Monday, October 26, 2009
Health Care Update: The Name Game
A government-sponsored "public option" for health care lives, though it may be more attractive to skeptics if it goes by a different moniker, House Speaker Nancy Pelosi said Monday.
In an appearance at a Florida senior center, the Democratic leader referred to the so-called public option as "the consumer option." Rep. Debbie Wasserman Schultz, D-Fla., appeared by Pelosi's side and used the term "competitive option."
Both suggested new terminology might get them past any lingering doubts among the public—or consumers or competitors.
"You'll hear everyone say, 'There's got to be a better name for this,'" Pelosi said. "When people think of the public option, public is being misrepresented, that this is being paid for with their public dollars."

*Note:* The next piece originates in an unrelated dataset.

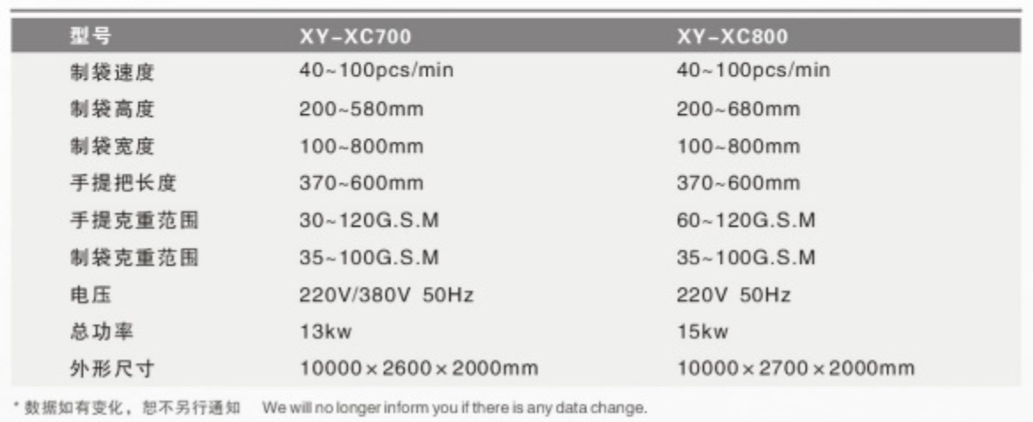 該機(jī)適用原材料為無紡布,能加工各種不同規(guī)格,不同型狀的無紡布袋,平口袋,拉鏈袋等,該機(jī)集機(jī)電為一體,運(yùn)用LCD觸模屏操作。配以步進(jìn)步式定長,光電跟蹤,電腦自動定位,電腦自動糾邊,準(zhǔn)確,平穩(wěn)。自動計(jì)數(shù)即可設(shè)定計(jì)數(shù)報(bào)警,自動打孔等工控裝置,使其生產(chǎn)的成品封線牢固,切線美觀。高速效,是你可以放心適用的優(yōu)質(zhì)環(huán)保型制袋設(shè)備。

Pelosi said that was a misconception and that any taxpayer money used to start up the public option would be repaid. She also said such an option would ultimately drive down government health care costs.
The speaker said the "competitive option" idea emerged during her closed-door roundtable at the Sunrise Senior Center with advocates of seniors and others who work with older populations. Wasserman Schultz suggested the term might be here to stay.
"I think she's going to go up and test-drive it when she goes back to Washington," Wasserman Schultz said. "It might stick."
As for having the votes to pass such a measure, both women said a public option would survive. They wouldn't get into numbers of congressional supporters, but said it was simply a matter of picking which type of public option to pursue.